In the step-by-step solution, we substitute different values of \( N \) to find how frictional force changes.

Exponentiation is a mathematical operation involving two numbers, the base and the exponent. It is written as \( a^b \), which means multiplying \( a \) by itself \( b \) times. In this exercise, exponentiation helps us understand how the frictional force increases with more turns of the rope.
Using the formula \( F = 14 \times 10^{0.70N} \), the exponent \( 0.70N \) determines the power to which 10 is raised. For example, when \( N = 0.5 \), we first calculate the exponent \( 0.70 \times 0.5 = 0.35 \) and then compute \( 10^{0.35} \).
This exponential increase is key to observing the impact of multiple turns on the frictional force.

The substitution method involves replacing a variable with a given value in an expression or equation. In our exercise, we substitute different values of \( N \) into the formula to calculate the corresponding frictional force.
For example, when \( N = 1 \), we substitute it into the equation \( F = 14 \times 10^{0.70 \times 1} \) and follow through with the calculations.
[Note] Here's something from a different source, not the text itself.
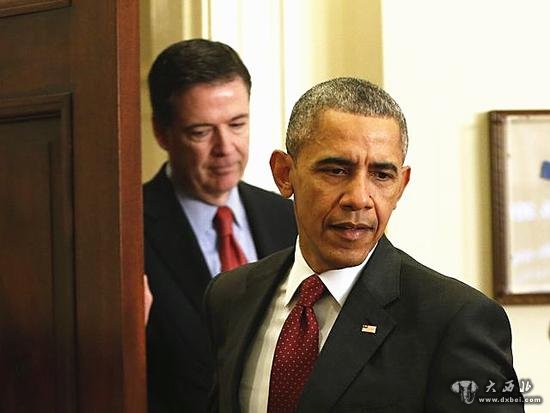 资料:2015年11月25日,美国总统奥巴马(右)与联邦调查局局长科米步入白宫新闻会场。(新华/美联)

This method allows us to evaluate specific scenarios and understand how each turn affects the frictional force.
It is a straightforward way to solve for unknowns and is widely used in algebra and physics problems.

Using a calculator is essential for complex calculations, especially those involving decimals and exponents.
In our exercise, after substituting the value of \( N \) and calculating the exponent, the next step involves using the calculator to find the value of \( 10^{exponent} \).
For instance, when \( N = 3 \), the exponent is 2.10: we use the calculator to find \( 10^{2.10} \), which leads to 126.491. Without a calculator, accurately evaluating such expressions would be very challenging and time-consuming.
Thus, practicing and familiarizing oneself with calculator functions is crucial for solving algebraic equations efficiently.